Just about everyone has a smartphone now, and most of us make a habit of carrying ours at all times. Most apps give us the ability to keep up with friends, shop or quickly get around town. Others can help make workplaces safer. In the past, we’ve covered helpful tools like NIOSH’s Ladder Safety and Sound Level Meter apps as well as OSHA’s Heat Safety Tool.

While these apps help workers and the general public avoid specific hazards, a new app from the Canadian Centre for Occupational Health and Safety (CCOHS) and the Occupational Health Clinics for Ontario Workers (OHCOW) offers a broader look at hazard prevention. It’s called HazardAssess, and it’s available now for free on both Apple and Android.

“Workers are on the front lines in the workplace every day and are often the first ones to find hazards,” says LHSFNA Management Co-Chairman Noel C. Borck. “Identifying hazards and reporting them is the first and most important step to improving safety and health in the workplace.

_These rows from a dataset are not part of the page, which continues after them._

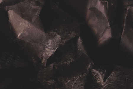 Reflecting light and shadow on creases and folds in scrunched black plastic sheeting. monochrome light and texture, abstract background image.
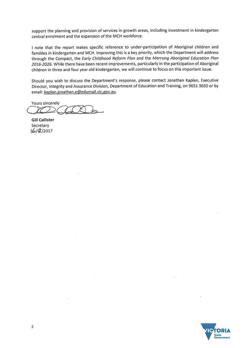 The collection of system-wide information on kindergarten attendance is another area of concern. The government lacks a sound understanding at the state and local levels of who is accessing kindergarten services and whether eligible children are missing out. As a result, the government is not fulfilling the objectives set out in its policy document Education State 2016, which states that kindergarten provision is at the heart of the government’s vision.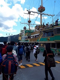 大涌谷の見学が終わり、芦ノ湖遊覧を行いました。天候もよく、すがすがしい中での芦ノ湖遊覧ができました。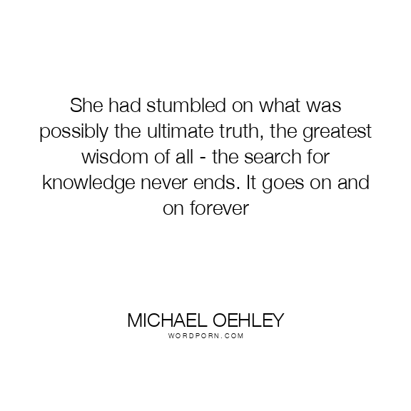 She had stumbled on what was possibly the ultimate truth, the greatest wisdom of all - the search for knowledge never ends. It goes on and on forever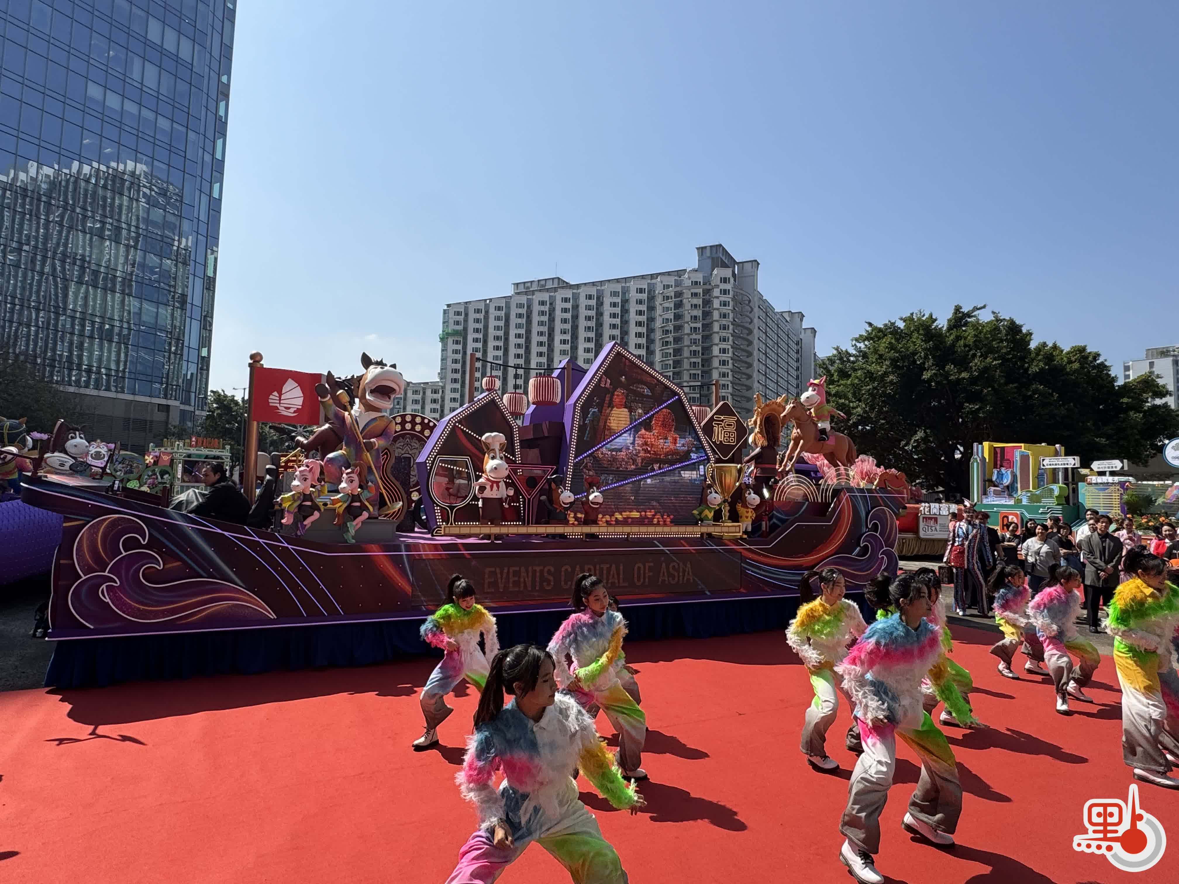 香港賽馬會與馬年更可謂是般配,其花車舞台中央設有3匹璀璨奪目的駿馬,象徵馬年朝氣蓬勃,巡遊當日,還將有馬會馬術隊騎手、亞洲錦標賽獎牌得主林立信及馬會見習騎師黃寶妮參與匯演。

Frontline workers are a vital part of this process, which also includes site supervisors, safety and health professionals and others in leadership positions.”

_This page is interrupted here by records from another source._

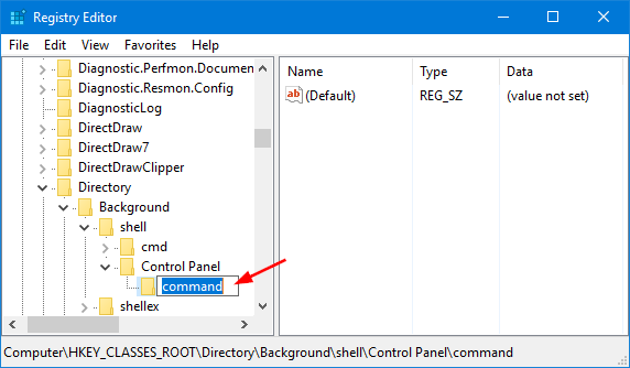 - Next, right-click on the newly-created “Control Panel” key and select New -> Key. Name the key command.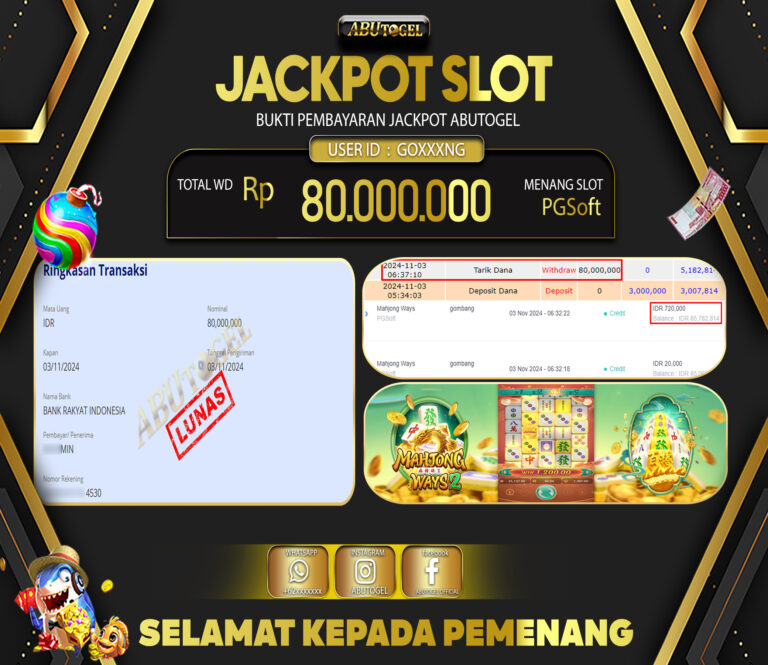 Bukti Jackpot ABUTOGEL Slot Online Minggu 03 November 2024 - ABUTOGEL adalah situs slot gacor maxwin terpercaya. Berikut ini kami berikan...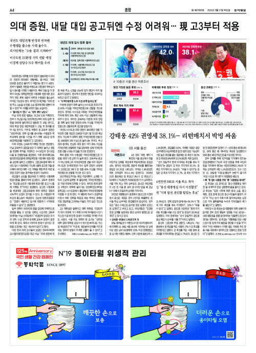 강태웅 42% 권영세 38.1%… 리턴매치서 박빙 싸움 [격전지 여론조사]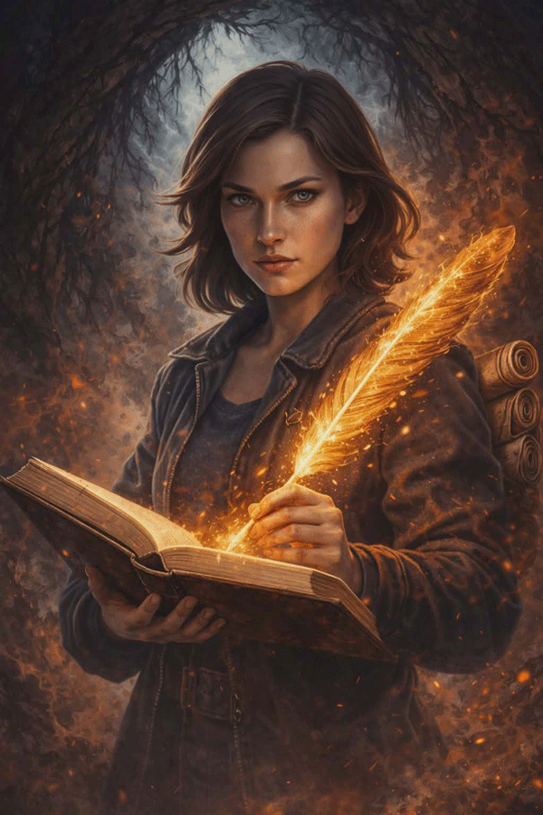 As Scrib-Or, she wields the Mighty Quill, writing truth into permanence. Her scrolls seal darkness, protect others, and preserve what evil tries to erase or rewrite. Once written, her words cannot be corrupted.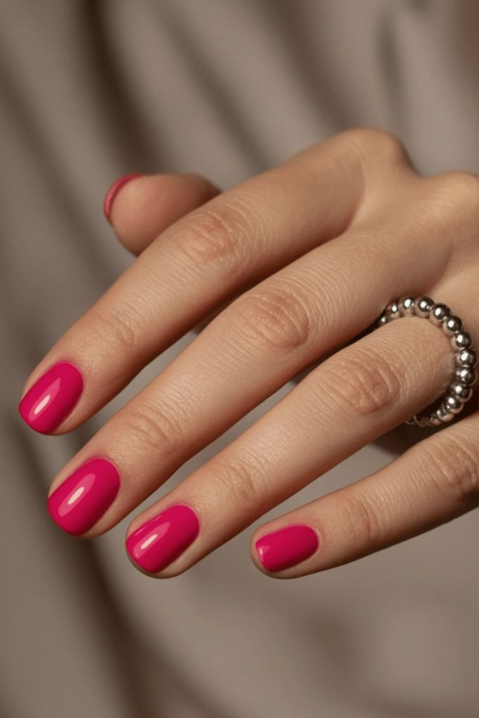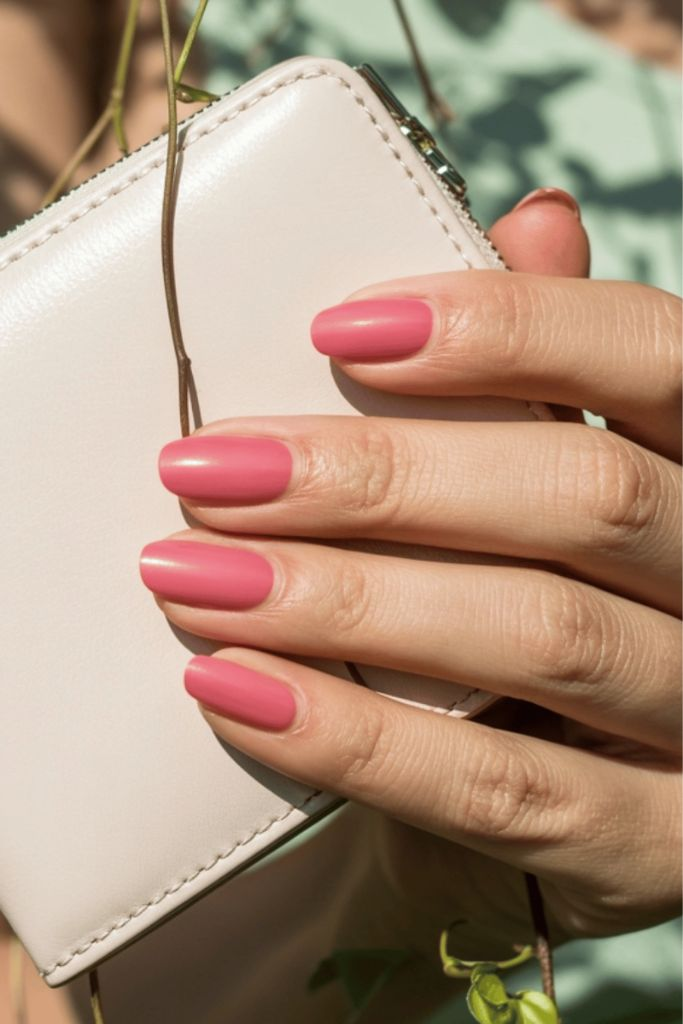 Fuchsia polishes can vary wildly in quality, so formula matters. Essie’s Big Spender is a gorgeous, creamy fuchsia that applies like butter. Two coats give you full, rich coverage without any streaking. For gel lovers, Kiara Sky’s Razzle Dazzle Berry offers similar vibrancy with weeks-long wear. Keep nails short and filed into a gentle squoval or round shape. The color is bold enough — the shape should be low-key.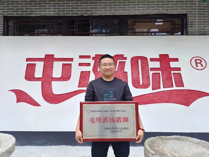 “屯堡文化”历经600余年沧桑变化,屯堡的石头特色建筑是屯堡文化的“静态”遗产,屯堡美食则是屯堡文化的“活态”传承,而灌汤猪脚则是特色之一。2020年,刘伟成功创建餐饮品牌“屯滋味”,以屯堡人的特色美食灌汤猪脚等为主打菜品,让经营多年的餐饮行业重新焕发生机。

HazardAssess makes this easy by turning your phone into a tool to facilitate the process of hazard identification and reporting. The app allows users to create a report that can be shared with anyone via email.

The app lists a dozen different hazard categories, including:

  • Safety
  • Driving
  • Chemical
  • Ergonomics
  • Noise
  • Lighting
  • Air Quality
  • Working Alone
  • Psychosocial
  • Biological
  • Thermal Comfort
  • Radiation

While all of these hazards won’t apply to every workplace, users can choose which ones apply to the type of work they do or their jobsite. Once you select a hazard within HazardAssess, the app allows the user to describe the specifics of the hazard or exposure, describe any symptoms that are occuring, take a photo of the hazard and list possible solutions. Hazards are rated on a 1-5 scale ranging from “well-controlled” to “exposure interferes with the job.”

Although the app was developed for workers in Canada, the hazards facing construction workers are universal. Despite different occupational safety and health laws between the U.S. and Canada, workers in both countries can use the app to identify and report hazards on the job. None of the data gathered by the app’s users will be reported to any federal or state agency. It’s meant solely as a tool to assist in the ongoing process of finding and fixing hazards.

You can download HazardAssess for free today on both Apple and Android.